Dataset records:
------------------------------------------------
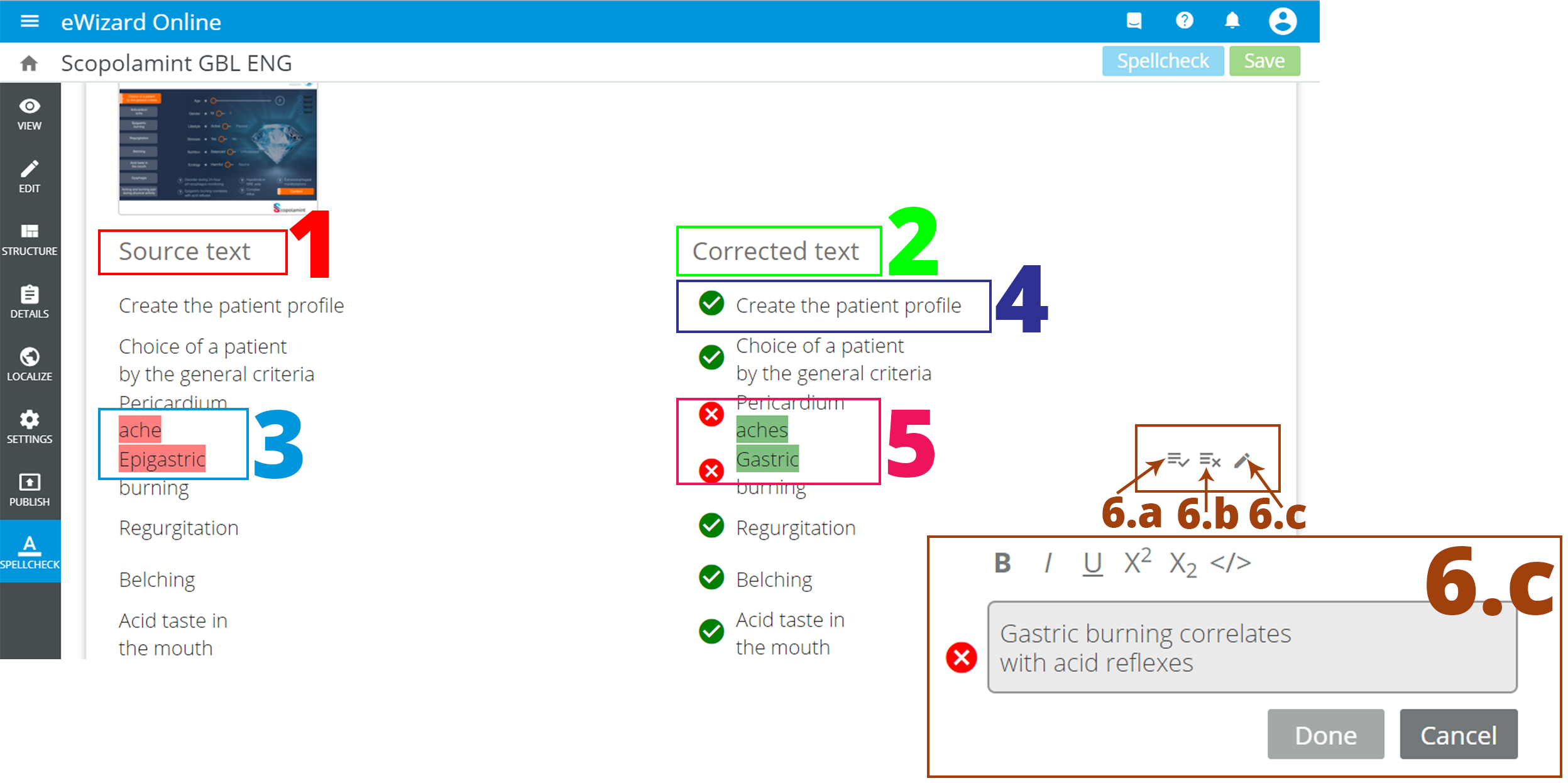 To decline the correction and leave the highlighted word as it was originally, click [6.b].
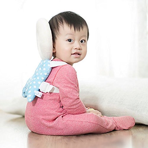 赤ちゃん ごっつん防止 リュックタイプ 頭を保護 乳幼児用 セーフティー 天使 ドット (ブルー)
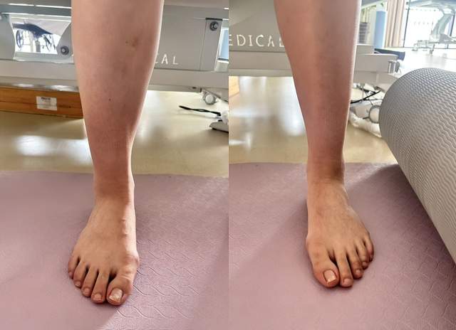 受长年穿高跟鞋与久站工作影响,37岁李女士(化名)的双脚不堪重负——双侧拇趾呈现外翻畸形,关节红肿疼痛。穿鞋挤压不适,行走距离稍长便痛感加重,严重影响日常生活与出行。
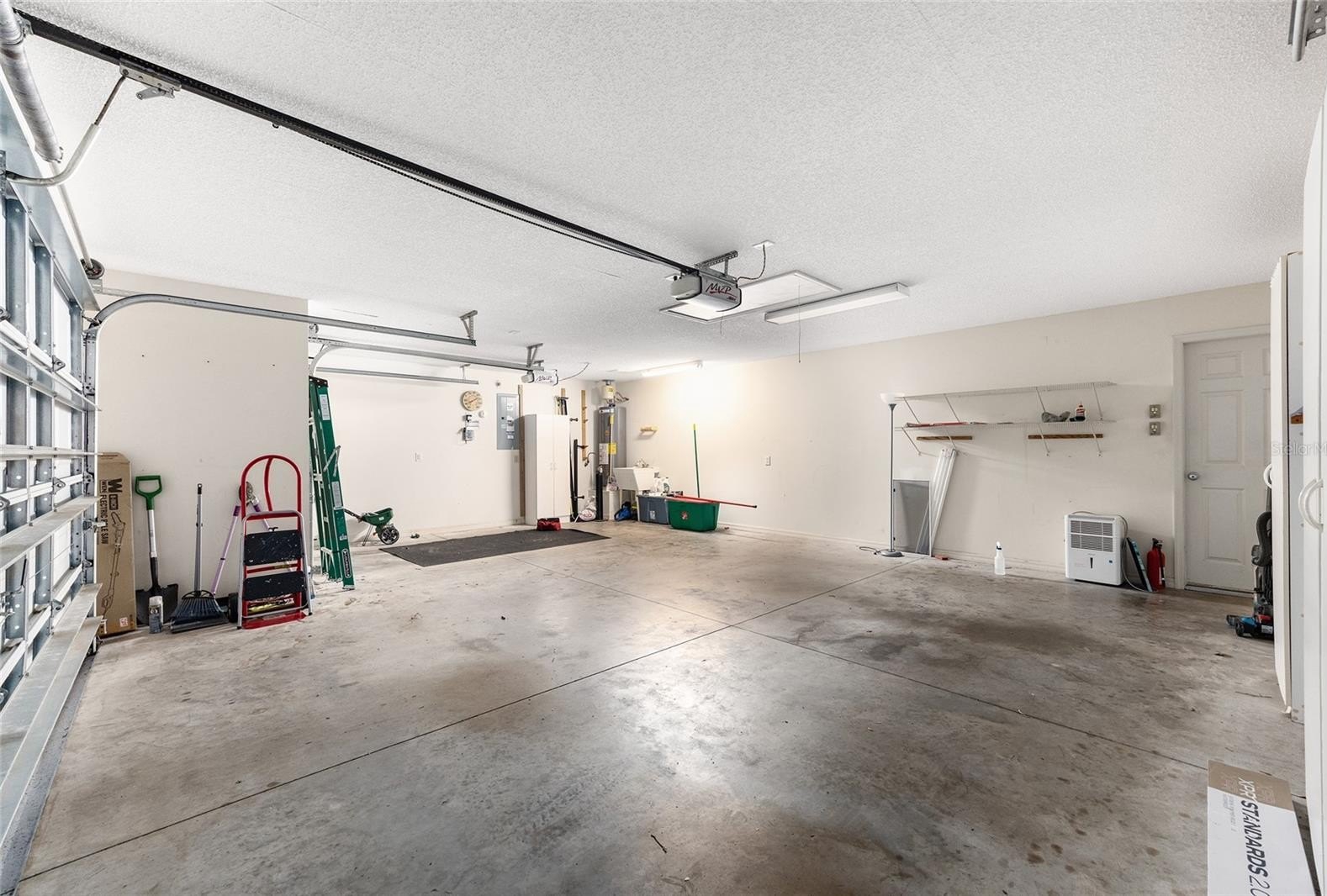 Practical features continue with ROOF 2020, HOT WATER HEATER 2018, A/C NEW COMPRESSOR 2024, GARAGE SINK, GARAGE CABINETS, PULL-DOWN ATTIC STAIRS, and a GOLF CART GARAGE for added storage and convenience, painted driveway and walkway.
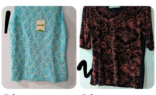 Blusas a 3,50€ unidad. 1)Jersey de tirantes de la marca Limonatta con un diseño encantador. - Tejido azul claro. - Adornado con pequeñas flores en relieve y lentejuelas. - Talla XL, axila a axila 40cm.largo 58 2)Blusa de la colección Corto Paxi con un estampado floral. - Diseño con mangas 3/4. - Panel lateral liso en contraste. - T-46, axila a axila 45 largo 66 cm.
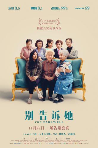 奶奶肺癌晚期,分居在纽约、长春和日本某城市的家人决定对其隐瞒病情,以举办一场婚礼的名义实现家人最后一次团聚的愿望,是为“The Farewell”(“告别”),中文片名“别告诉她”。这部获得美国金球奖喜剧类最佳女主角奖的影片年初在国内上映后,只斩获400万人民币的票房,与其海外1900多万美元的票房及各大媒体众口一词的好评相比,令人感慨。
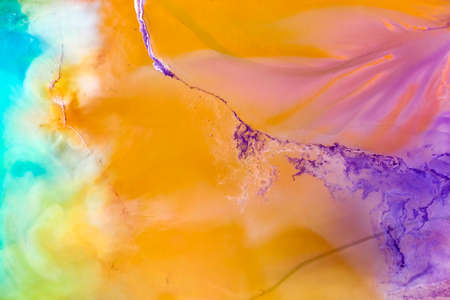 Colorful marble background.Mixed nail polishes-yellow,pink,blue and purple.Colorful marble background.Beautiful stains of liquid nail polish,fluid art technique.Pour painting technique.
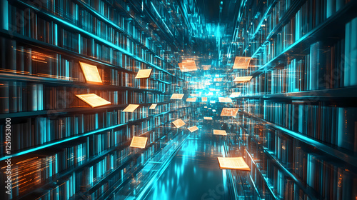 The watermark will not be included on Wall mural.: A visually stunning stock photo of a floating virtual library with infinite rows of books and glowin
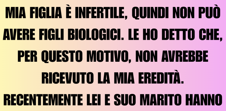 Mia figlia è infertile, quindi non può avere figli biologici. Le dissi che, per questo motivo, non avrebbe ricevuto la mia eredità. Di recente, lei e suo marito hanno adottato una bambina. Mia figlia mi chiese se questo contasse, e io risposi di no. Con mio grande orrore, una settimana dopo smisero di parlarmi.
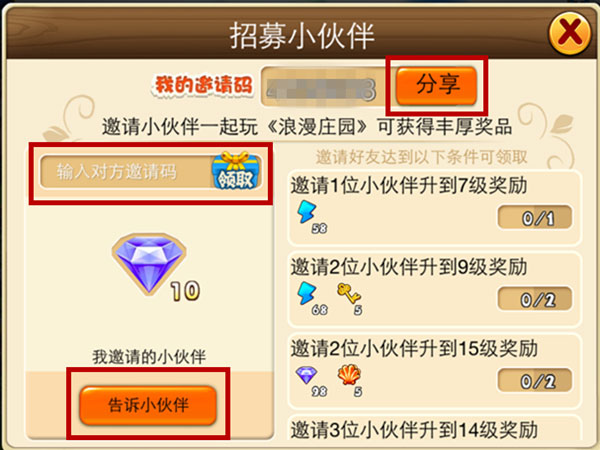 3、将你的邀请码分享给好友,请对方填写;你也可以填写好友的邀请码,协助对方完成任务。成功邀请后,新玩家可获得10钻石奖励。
------------------------------------------------
■ PROBLEM
Since only the text is needed, retype the data above exactly and omit the pictures.

■ OUTPUT OF THE TASK
 To decline the correction and leave the highlighted word as it was originally, click [6.b].
 赤ちゃん ごっつん防止 リュックタイプ 頭を保護 乳幼児用 セーフティー 天使 ドット (ブルー)
 受长年穿高跟鞋与久站工作影响,37岁李女士(化名)的双脚不堪重负——双侧拇趾呈现外翻畸形,关节红肿疼痛。穿鞋挤压不适,行走距离稍长便痛感加重,严重影响日常生活与出行。
 Practical features continue with ROOF 2020, HOT WATER HEATER 2018, A/C NEW COMPRESSOR 2024, GARAGE SINK, GARAGE CABINETS, PULL-DOWN ATTIC STAIRS, and a GOLF CART GARAGE for added storage and convenience, painted driveway and walkway.
 Blusas a 3,50€ unidad. 1)Jersey de tirantes de la marca Limonatta con un diseño encantador. - Tejido azul claro. - Adornado con pequeñas flores en relieve y lentejuelas. - Talla XL, axila a axila 40cm.largo 58 2)Blusa de la colección Corto Paxi con un estampado floral. - Diseño con mangas 3/4. - Panel lateral liso en contraste. - T-46, axila a axila 45 largo 66 cm.
 奶奶肺癌晚期,分居在纽约、长春和日本某城市的家人决定对其隐瞒病情,以举办一场婚礼的名义实现家人最后一次团聚的愿望,是为“The Farewell”(“告别”),中文片名“别告诉她”。这部获得美国金球奖喜剧类最佳女主角奖的影片年初在国内上映后,只斩获400万人民币的票房,与其海外1900多万美元的票房及各大媒体众口一词的好评相比,令人感慨。
 Colorful marble background.Mixed nail polishes-yellow,pink,blue and purple.Colorful marble background.Beautiful stains of liquid nail polish,fluid art technique.Pour painting technique.
 The watermark will not be included on Wall mural.: A visually stunning stock photo of a floating virtual library with infinite rows of books and glowin
 Mia figlia è infertile, quindi non può avere figli biologici. Le dissi che, per questo motivo, non avrebbe ricevuto la mia eredità. Di recente, lei e suo marito hanno adottato una bambina. Mia figlia mi chiese se questo contasse, e io risposi di no. Con mio grande orrore, una settimana dopo smisero di parlarmi.
 3、将你的邀请码分享给好友,请对方填写;你也可以填写好友的邀请码,协助对方完成任务。成功邀请后,新玩家可获得10钻石奖励。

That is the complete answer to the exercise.